» Exercise: Stop at the line containing "パラベンフリー 詰替え用 400ml": repeat exactly every line of the entries below from the first up to it, plus that line, with pictures omitted.

+ + + + + + +

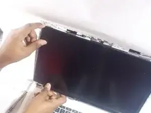 Осторожно возьмите края крышки экрана с противоположных концов и потяните экран к себе.
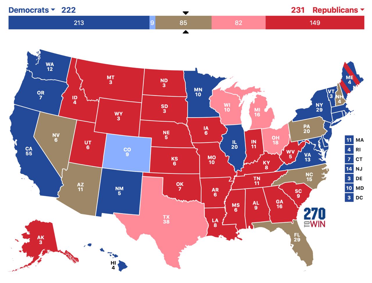 Конечно, если верить открытой социологии, то Байден разгромно побеждает Трампа - с отрывом в 9% или даже 12%. Но статистика по раннему голосованию этого совсем не подтверждает. Вероятно, что в ночь после выборов нас будет ждать очередной удивительный сюрприз.
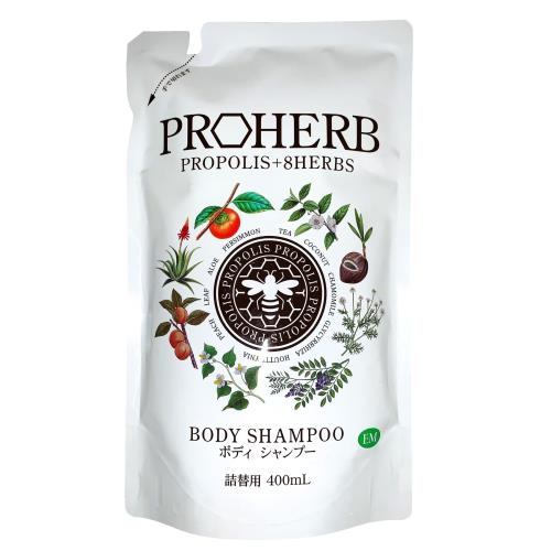 ■プロハーブ EM ボディシャンプー 天然ハーブ プロポリス ハチミツ ヒアルロン酸 無香料 無着色 パラベンフリー 詰替え用 400ml
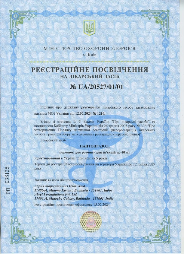 Дози до 240 мг при внутрішньовенному введенні протягом 2 хвилин добре переносилися. Лікування. Оскільки пантопразол екстенсивно зв’язується з білками, він не належить до лікарських засобів, що легко виводяться за допомогою діалізу. У разі передозування з появою клінічних ознак інтоксикації застосовують симптоматичну та підтримувальну терапію. Рекомендацій щодо специфічної терапії немає.
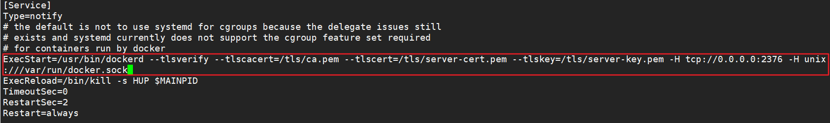 ExecStart=/usr/bin/dockerd --tlsverify --tlscacert=/tls/ca.pem --tlscert=/tls/server-cert.pem --tlskey=/tls/server-key.pem -H tcp://0.0.0.0:2376 -H unix:///var/run/docker.sock
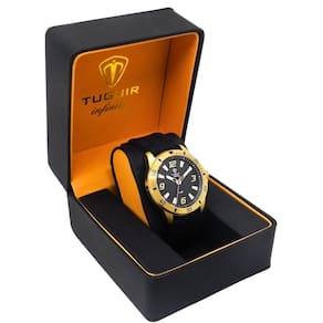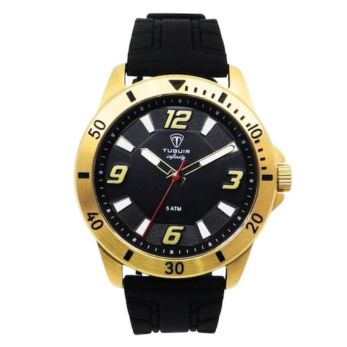 Relógio Masculino de Aço Tuguir Analógico Infinity 9169K Dourado e PretoMarca: Tuguir Categoria: Analógico Analógico: Sim (1 Horário) Ponteiros Fluorescentes: Não Digital: Não Luz: NãoResistente à Água: 5 ATM (Pode ser utilizado para nadar no raso, por pouco tempo submerso) - Respingos: Sim - Chuva: Sim - Lavar Carro: Sim - Lavar Louça: Sim - Natação: Sim - Mergulho: Não Característica do Vidro: Cristal Mineral Tipo de Fecho: Fivela Cor da Caixa: Dourado Material da Caixa: Aço Formato da Caixa: Redondo Diâmetro da Caixa: 43,00 (mm) Espessura da Caixa: 10,50 (mm) Cor da Pulseira: Preto Material da Pulseira: Silicone Largura da Pulseira: 20,00 (mm) Comprimento Máximo da Pulseira: 260,00 (mm) Alimentação: Bateria Interna Peso Líquido: 0,080 Kg Modelo: Infinity 9169K Cor Predominante: Dourado Cor Diferencial: Preto Garantia: 12 MesesConteúdo da Embalagem: 01 Relógio 01 Embalagem 01 Termo de Garantia
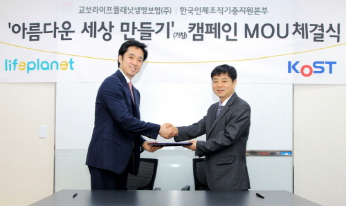 [쿠키 건강] 지난 4일 여의도 라이프플래닛 타운홀에서 한국인체조직기증지원본부와 교보라이프플래닛생명보험가 업무협약을 체결하고, 생명나눔과 상부상조 문화를 조성하기 위한 ‘아름다운세상 만들기’ 캠페인을 추진하기로 했다.
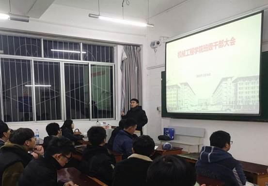 为保障学生寒假假期安全,增强学生防控意识,2020年12月17日,机械工程学院辅导员张小千在蔡家关校区3101教室召开班级干部大会,各班班长、学委参加此次大会。
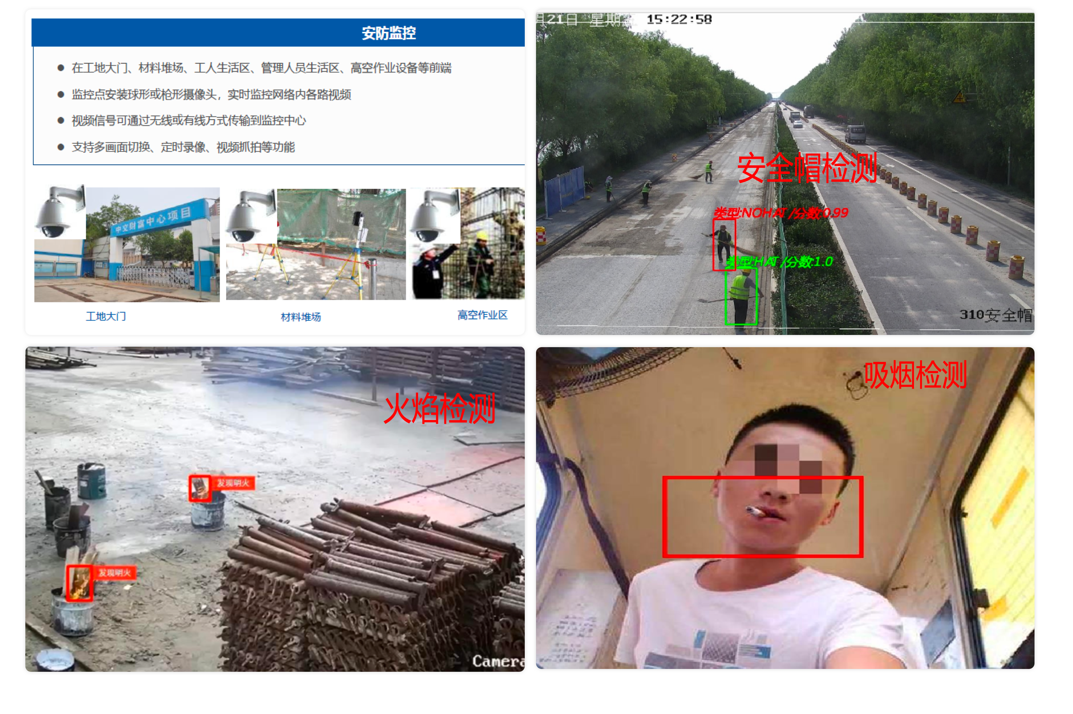 智能視頻監(jiān)控設(shè)備,利用邊緣算法實(shí)時(shí)對(duì)施工現(xiàn)場(chǎng)、人員行為、設(shè)備運(yùn)行狀態(tài)、施工環(huán)境等進(jìn)行監(jiān)控和預(yù)警,及時(shí)發(fā)現(xiàn)安
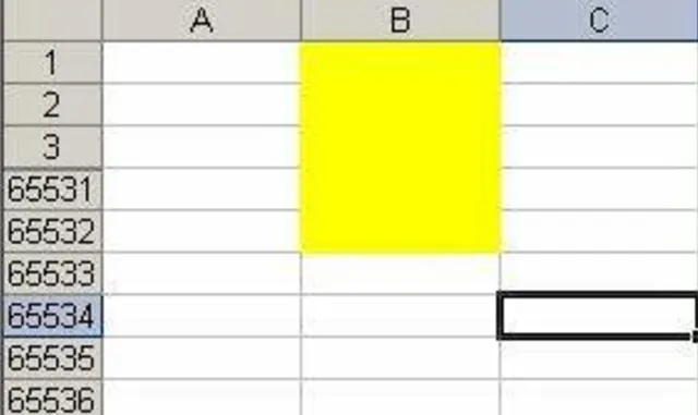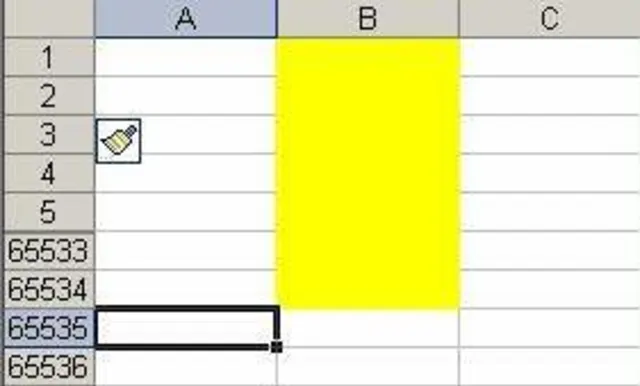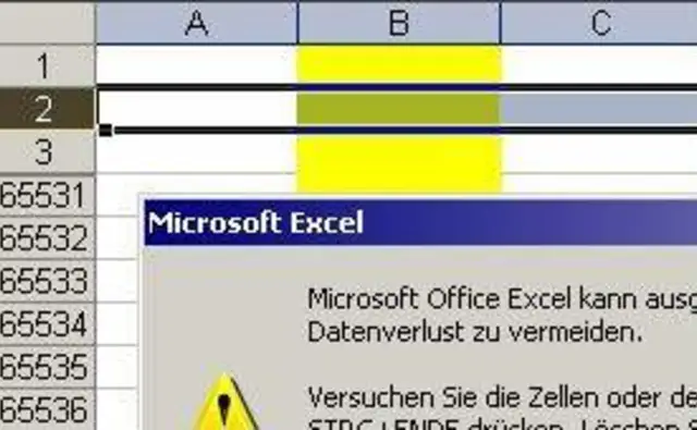 In folgender Tabelle wurde der gesamten Spalte B die Hintergrundfarbe gelb zugewiesen. Wenn Sie nun oberhalb Zeile 2 eine leere Zeile einfügen möchten, erscheint die beschriebene Fehlermeldung.
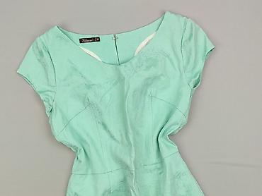 Sukienka damska, rozmiar M - Krój: ołówkowy, dopasowany, z zaszewkami modelującymi sylwetkę - Długość: sięga przed kolano (patrz zdjęcia z miarką) - Rękaw: krótki - Dekolt: okrągły - Kolor: pastel...
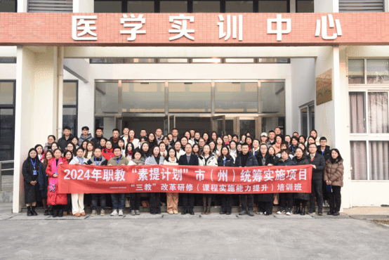 2025 年 1 月 3 日,乐山市教育局 2024 年职教 “素提计划” 市(州)统筹实施项目 ——“三教” 改革研修(课程实施能力提升)培训班开班仪式在BV伟德官方网站 1 号实训楼举行。乐山市教育局相关负责人、学校党委副书记、工会主席张佳,护理康养学院领导、工作坊指导老师、项目班主任及来自乐山市 17 所中职学校的 68 名参训学员参加仪式。

+ + + + + + +

» Final answer:
 Осторожно возьмите края крышки экрана с противоположных концов и потяните экран к себе.
 Конечно, если верить открытой социологии, то Байден разгромно побеждает Трампа - с отрывом в 9% или даже 12%. Но статистика по раннему голосованию этого совсем не подтверждает. Вероятно, что в ночь после выборов нас будет ждать очередной удивительный сюрприз.
 ■プロハーブ EM ボディシャンプー 天然ハーブ プロポリス ハチミツ ヒアルロン酸 無香料 無着色 パラベンフリー 詰替え用 400ml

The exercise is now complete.